She didn’t board up the windows—with what planks of wood? And what good would it do? Better to show that this bakery had been abandoned, had no more to give. Like her.
Ruth washed her father’s body and wrapped it in a white bedsheet—the closest she could get to a tachrichim, the traditional linen shrouding garments. She took his tallit, his prayer shawl, snipped off one of the tzitzit fringes, and wrapped it around him too.
It took hours to dig a grave next to the big oven in the back, for all that the oven’s residual heat had kept the ground from fully icing through. She recited the blessings as best she could, trying not to think of how wrong this was, so wrong. It shouldn’t be her doing this by herself, but a rabbi with a minyan. It shouldn’t be her father in the ground, he who had done nothing wrong, but the polizia. It shouldn’t be her left all alone, too frightened to fight back against the injustices and instead crouching near-silent on the freshly turned earth like a shivering mouse. Where was the Resistance? For all the good they’d done, it sounded like they were mostly gone too. Out-manned, out-gunned.
“Baruch atah Adonai, Dayan Ha-Emet” she whispered, bless the Lord, the judge of truth, as she locked the door to the front of the bakery behind her, then went up the stairs to the little apartment on the second floor where she had lived in all her life. She threw a pillowcase over the mirror, tore a hole in her clothing, and prepared to sit shiva.
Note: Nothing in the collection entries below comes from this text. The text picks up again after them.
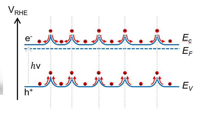 BiVO4具有较小的带隙(~2.4 eV)、合适的能带结构和较好的稳定性,是目前有发展前景的光阳极材料之一。但是,BiVO4的载流子的分离效率低和传输过程缓慢显著增大了载流子的复合。BiVO4单晶体几乎没有晶体缺陷,能够有效降低载流子在BiVO4体内的复合。然而,单晶体的非定向且长距离传输依然会增大载流子的复合;而具有孪晶结构的BiVO4单晶颗粒提供的“背靠背”的势垒和定向传输有利于促进载流子的分离和传输,从而显著提高BiVO4的光电化学性能。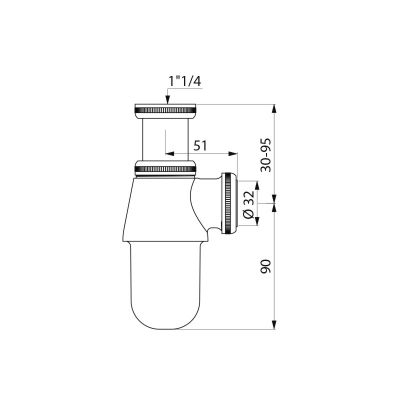 Réf. 517000Siphon d'urinoir ou de lavabo à sortie horizontale :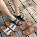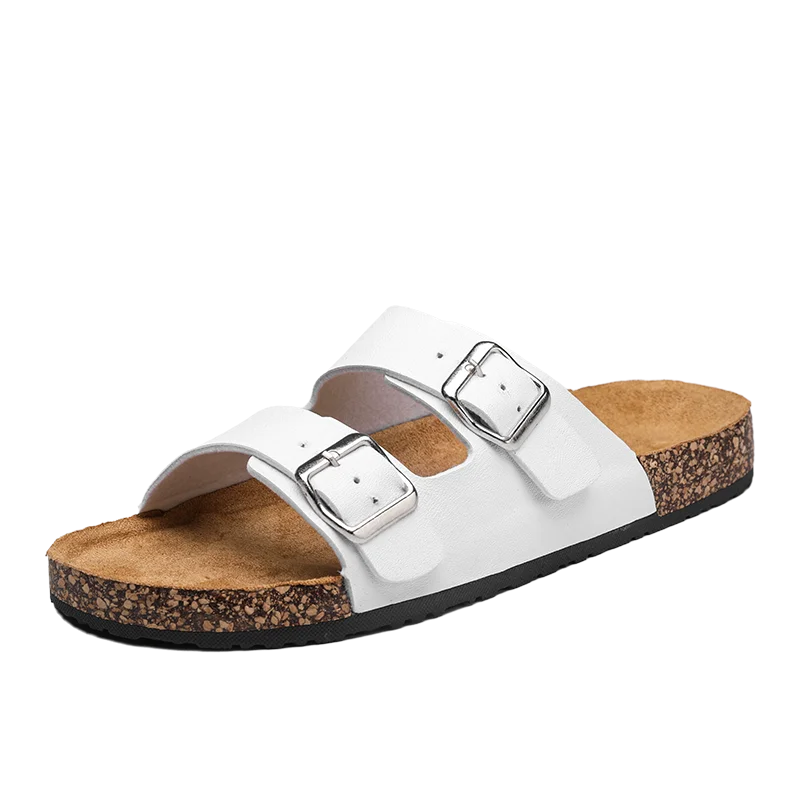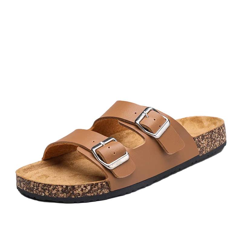 Luxury Leather Cork Sandals – Unisex Summer Slides with Classic Buckle & Ergonomic Comfort

It was strange to sit shiva all alone. When they’d sat shiva for her mother, and again later for Zayde Avigdor, it felt like she was living with the whole town in one tiny apartment. People bustled in and out, brought food, patted her cheeks and offered handkerchiefs for her streaming nose. Her father had been there to comfort her too.
And now their home was silent. Worse than when she and her father had rattled around like two zlotas in a big empty jug. The only sound was the wind whipping through the dead tree branches outside and the windows creaking with the effort to keep it out.
The town itself wasn’t deserted, but Jews were no longer allowed to congregate. Not in shul, not in each other’s homes. Certainly not at the Jewish cemetery. Going out and asking the neighbors that were still left to come sit shiva for Yosef, or even telling them he had passed . . . well, it was lucky enough Ruth managed to get back to the bakery unseen. Going out again before she had to make the dash for the boat was just asking for trouble she couldn’t afford.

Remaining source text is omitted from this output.